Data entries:
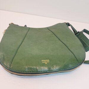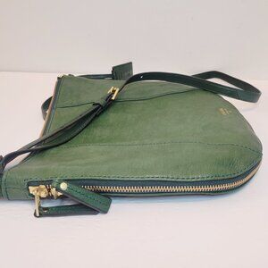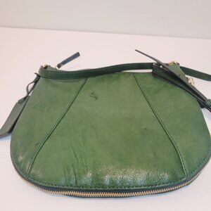 Vtg Fossil Emerald Green Leather Shoulder Hobo Purse Bag Zip Expand READ
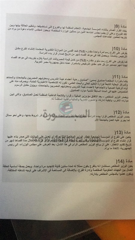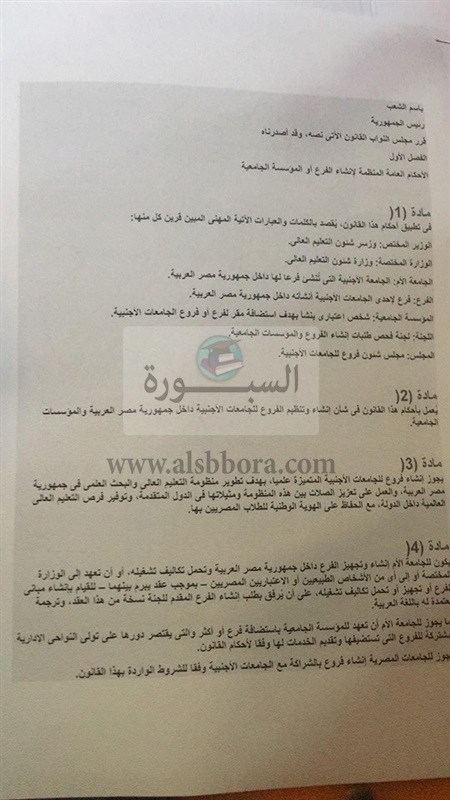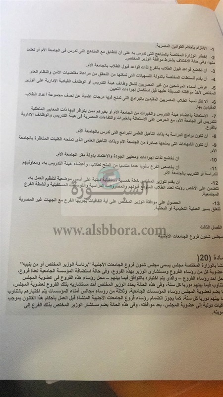 مشروع قانون بشأن إنشاء وتنظيم فروع للجامعات الأجنبية داخل جمهورية مصر العربية والمؤسسات الجامعية:
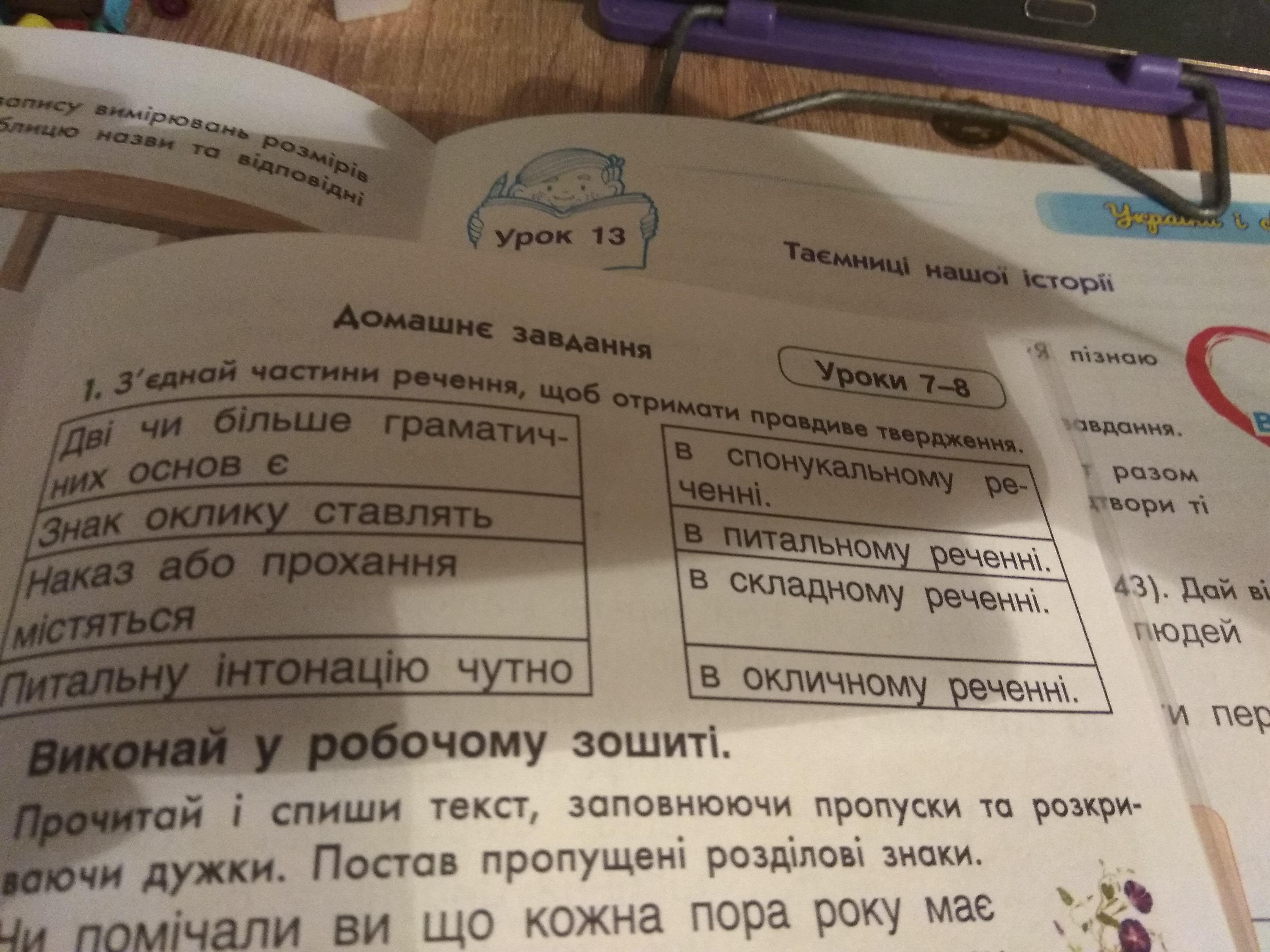 дві чи більше граматичних основ є в складному реченні, знак оклику ставлять в окличному реченні,наказ або прохання містяться в спонукальному реченні, питальну інтонацію чутно в питальному реченні
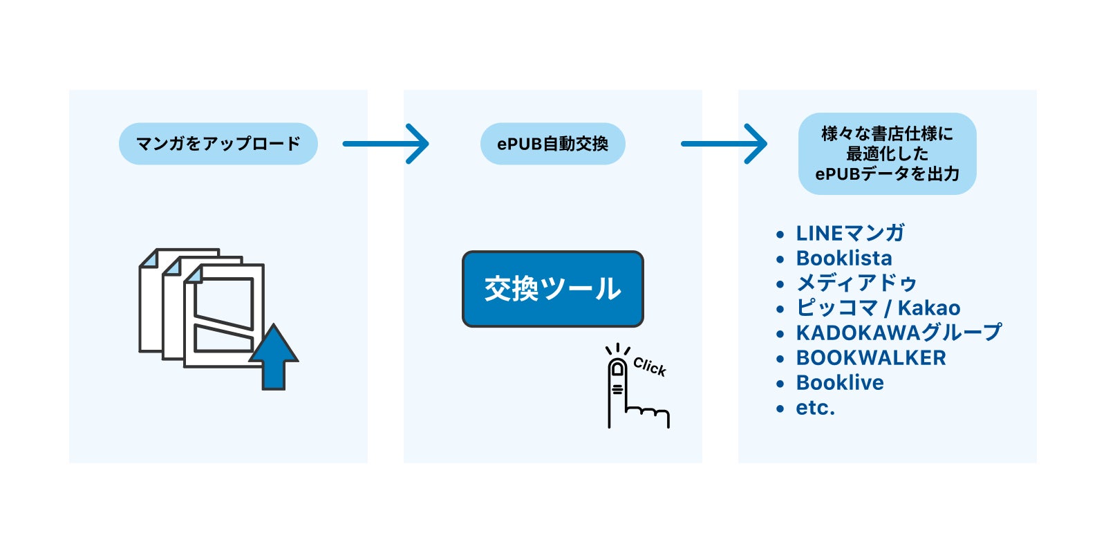 ・各電子書店の異なるePUBフォーマットにワンクリックで変換可能
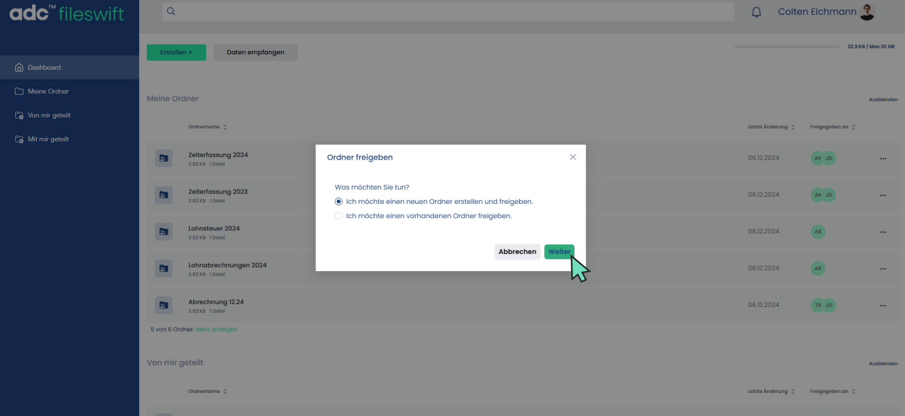 Bitte klicken Sie auf „Ich möchte einen neuen Ordner erstellen und freigeben“, dann auf „Weiter“.
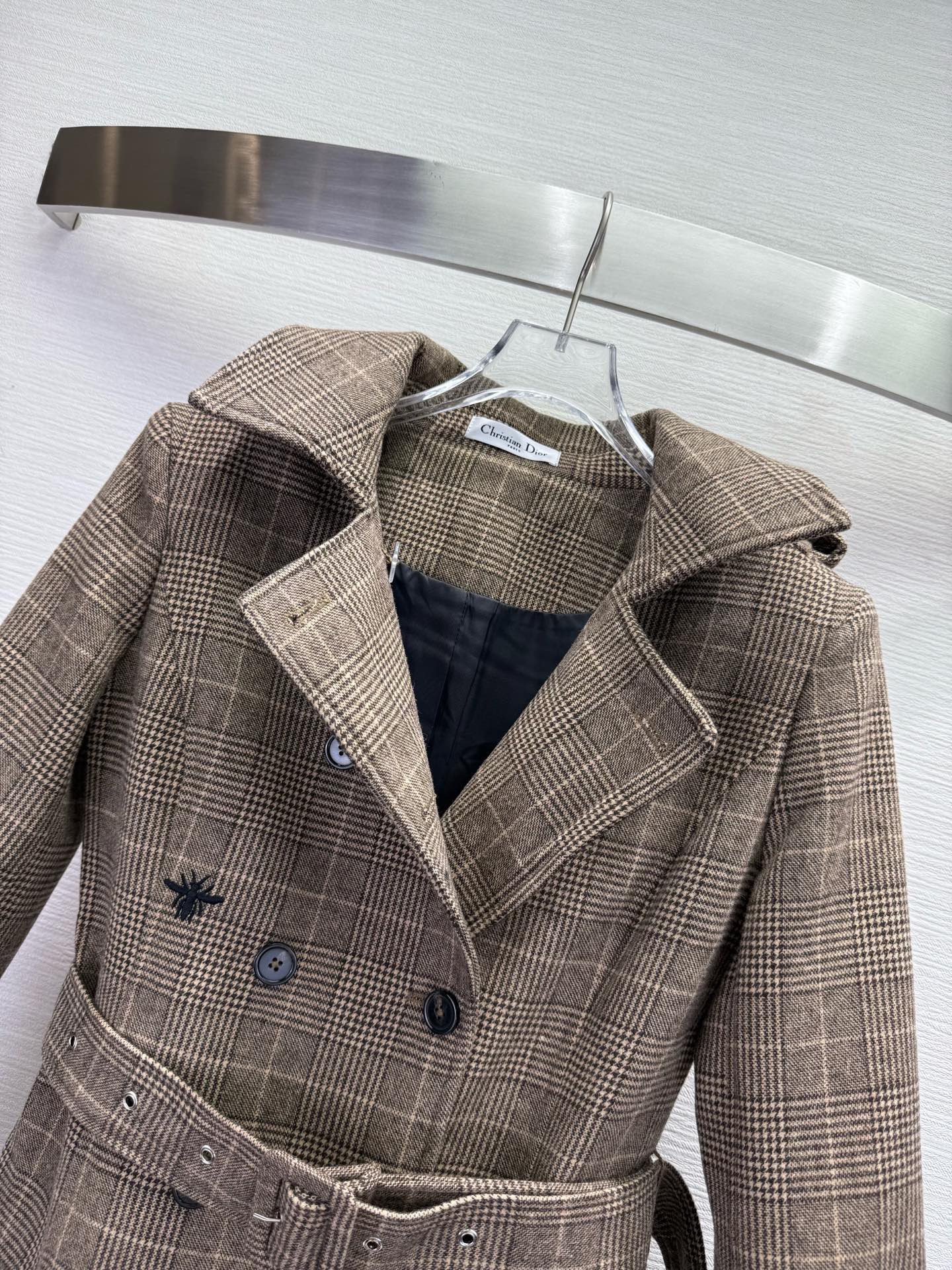 디올 자수 플레드 코트
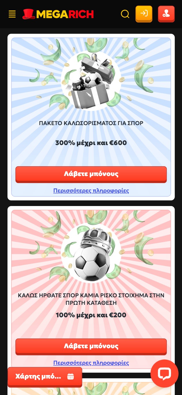 Όπως και στις υπόλοιπες πλατφόρμες της εταιρείας, έτσι και στη Megarich θα βρείτε μια μεγάλη ποικιλία από προσφορές και διάφορες προωθητικές ενέργειες. Επειδή η αξιολόγηση αναφέρεται στο sportsbook της Megarich θα αναφερθούμε σε όσες αφορούν ή περιλαμβάνουν τον εν λόγω τομέα.

WORK TO COMPLETE:
Quote the entries above word for word. Leave the images out.

WRITTEN RESPONSE:
 Vtg Fossil Emerald Green Leather Shoulder Hobo Purse Bag Zip Expand READ
 مشروع قانون بشأن إنشاء وتنظيم فروع للجامعات الأجنبية داخل جمهورية مصر العربية والمؤسسات الجامعية:
 дві чи більше граматичних основ є в складному реченні, знак оклику ставлять в окличному реченні,наказ або прохання містяться в спонукальному реченні, питальну інтонацію чутно в питальному реченні
 ・各電子書店の異なるePUBフォーマットにワンクリックで変換可能
 Bitte klicken Sie auf „Ich möchte einen neuen Ordner erstellen und freigeben“, dann auf „Weiter“.
 디올 자수 플레드 코트
 Όπως και στις υπόλοιπες πλατφόρμες της εταιρείας, έτσι και στη Megarich θα βρείτε μια μεγάλη ποικιλία από προσφορές και διάφορες προωθητικές ενέργειες. Επειδή η αξιολόγηση αναφέρεται στο sportsbook της Megarich θα αναφερθούμε σε όσες αφορούν ή περιλαμβάνουν τον εν λόγω τομέα.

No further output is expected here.